Study Quantifies Photooxidation and Biodegradation of Surface Oil

Scientists from the University of Texas Marine Science Institute assessed photooxidation and biodegradation rates on different hydrocarbon groups.


They found that photooxidation was the main driver for degrading aromatic hydrocarbons, and biodegradation was the key process controlling the degradation of saturated hydrocarbons (alkanes). Exposure to sunlight, however, inhibited the biodegradation of the branched alkanes, pristane and phytane. The researchers published their findings in the April 2015 Marine Pollution Bulletin: Differentiating the roles of photooxidation and biodegradation in the weathering of Light Louisiana Sweet crude oil in surface water from the Deepwater Horizon site.

Hernando pictureHernanco Bacosa aboard the R/V Pelican in May 2013, collecting water samples for hydrocarbon and microbial analysis and an incubation experiment. Bacosa is preparing the Niskin bottles mounted on a conductivity-temperature-depth (CTD) array prior to deployment. Credit: Hernando Bacosa.Sunlight, temperature, and spill location heavily influence the fate of spilled oil. To better understand surface oil fate resulting from photooxidation and biodegradation, this study’s researchers conducted trials under light and dark conditions using Light Louisiana Sweet Crude oil, Corexit 9500A, and surface water collected near the Deepwater Horizon site. They computed degradation rates for the more persistent polycyclic aromatic hydrocarbons (PAHs), alkylated PAHs, alkanes, and branched alkanes for 0 to 36 days, and analyzed 16S rRNA gene to characterize microbial populations.

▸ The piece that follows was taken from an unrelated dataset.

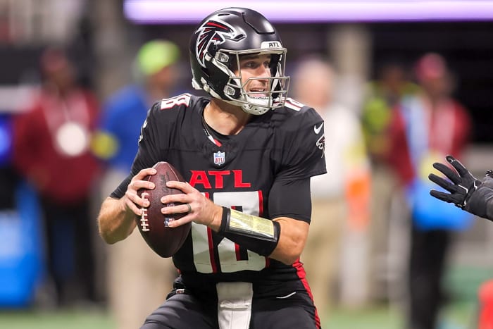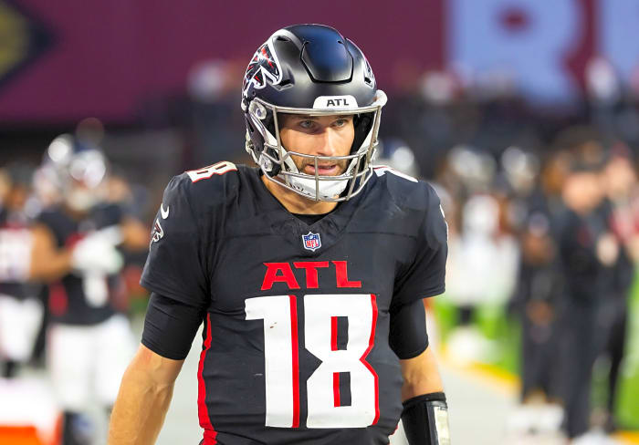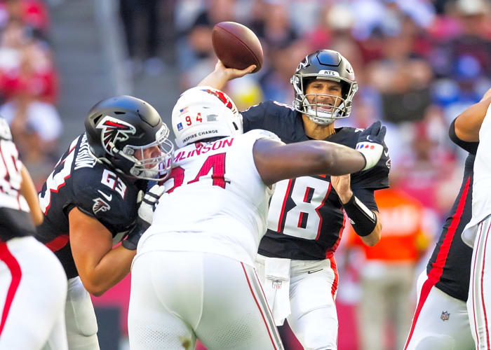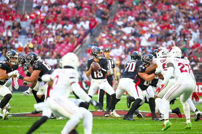 Dec 21, 2025; Glendale, Arizona, USA; Atlanta Falcons quarterback Kirk Cousins (18) against the Arizona Cardinals at State Farm Stadium. Mandatory Credit: Mark J. Rebilas-Imagn Images
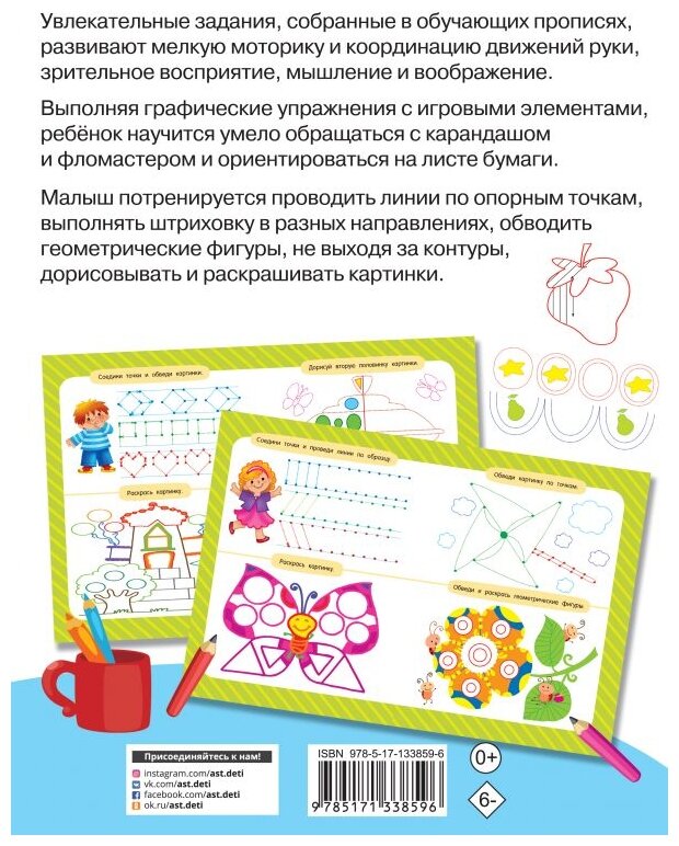 Увлекательные задания, собранные в книжке "Самые первые прописи: штрихуем, обводим, рисуем", развивают мелкую моторику и координацию движений руки, зрительное восприятие, мышление и воображение. Выполняя графические упражнения с игровыми элементами, ребёнок научится обводить по контуру, дорисовывать, выполнять штриховку, проводить линии и рисовать картинки по опорным точкам. Малыш научится ориентироваться на листе бумаги, умело обращаться с карандашом и фломастером, а весёлые картинки сделают первые уроки чистописания более успешными.

Photooxidation readily degraded PAHs, with 40% and 90% being degraded after 10 and 20 days, respectively. There was a lag time in biodegradation of PAHs, indicating that an adaptation period prior to onset of bacterial degradation started. Analyses of individual PAH degradation rates revealed that those with a lower molecular weight were more sensitive to photooxidation and biodegradation than heavier PAHs.The degradation patterns of alkylated PAHs were similar to those of PAHs. Among the treatments exposed to sunlight, there was no significant difference in PAH degradation rates in sterile control, oil-seawater, and oil-dispersant-seawater mixtures, suggesting that sunlight outpaced the degradation by bacteria.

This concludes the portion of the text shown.